Source data:

== == ==

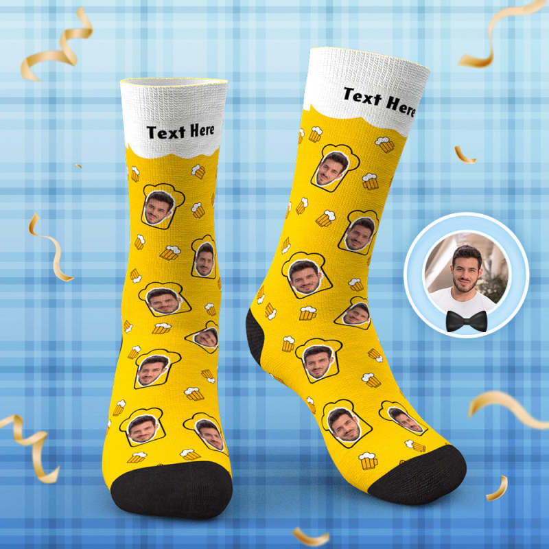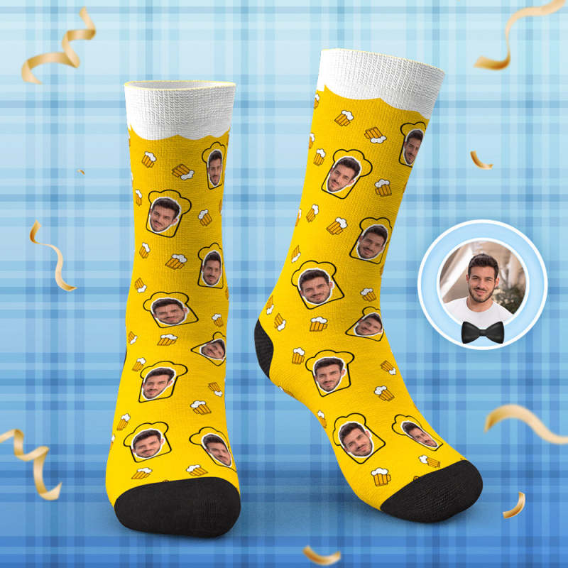 Custom Face Socks Personalised Beer Drinking Father's Day Socks
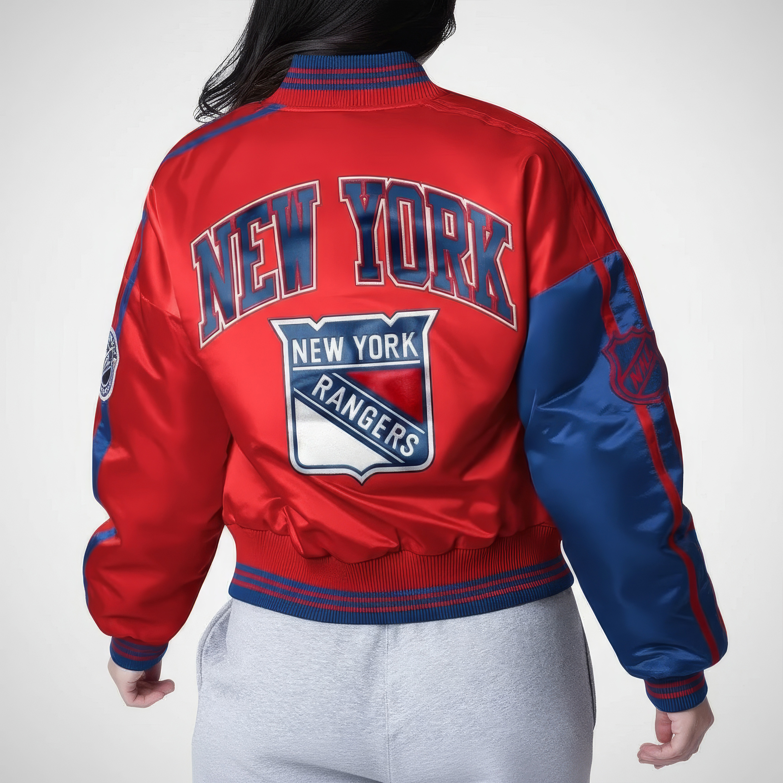 Bring bold energy and modern street style to your wardrobe with the National Hockey League 2026 New York Rangers Zone Blitz Cropped Satin Varsity Jacket. Designed for fans who love fashion as much as hockey, this jacket blends classic NHL varsity aesthetics with a trendy cropped silhouette.
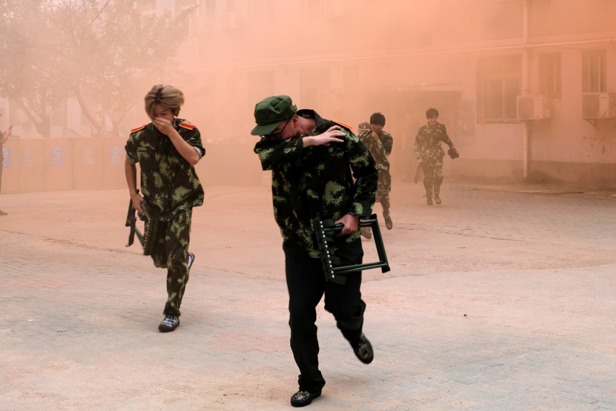 下午3时,演练正式启动。应急疏散演习在东五栋学生公寓展开。顷刻间,楼道内“浓烟”弥漫,警报声骤然响起。参训新生在教师和工作人员的指引下,沉着冷静、反应迅速,严格按照火灾避险要领,沿指定疏散路线快速、有序撤离至五号教学楼前广场的安全区域。整个演练过程紧张而不慌乱,用时短暂,达到了预期效果。
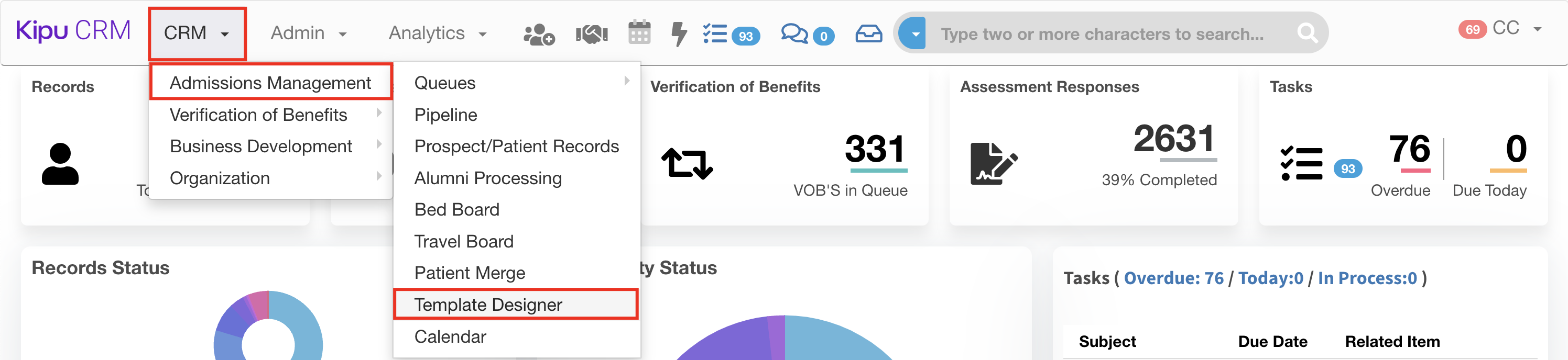 Kipu CRM, Roles: Combined +, Combined (Admissions and B.D.), Super User, VOB Worker, Restricted Admissions Worker | Template Designer

== == ==

Exercise instructions:
Skip every picture, and give the rest of the material above again exactly.

Output below:
 Custom Face Socks Personalised Beer Drinking Father's Day Socks
 Bring bold energy and modern street style to your wardrobe with the National Hockey League 2026 New York Rangers Zone Blitz Cropped Satin Varsity Jacket. Designed for fans who love fashion as much as hockey, this jacket blends classic NHL varsity aesthetics with a trendy cropped silhouette.
 下午3时,演练正式启动。应急疏散演习在东五栋学生公寓展开。顷刻间,楼道内“浓烟”弥漫,警报声骤然响起。参训新生在教师和工作人员的指引下,沉着冷静、反应迅速,严格按照火灾避险要领,沿指定疏散路线快速、有序撤离至五号教学楼前广场的安全区域。整个演练过程紧张而不慌乱,用时短暂,达到了预期效果。
 Kipu CRM, Roles: Combined +, Combined (Admissions and B.D.), Super User, VOB Worker, Restricted Admissions Worker | Template Designer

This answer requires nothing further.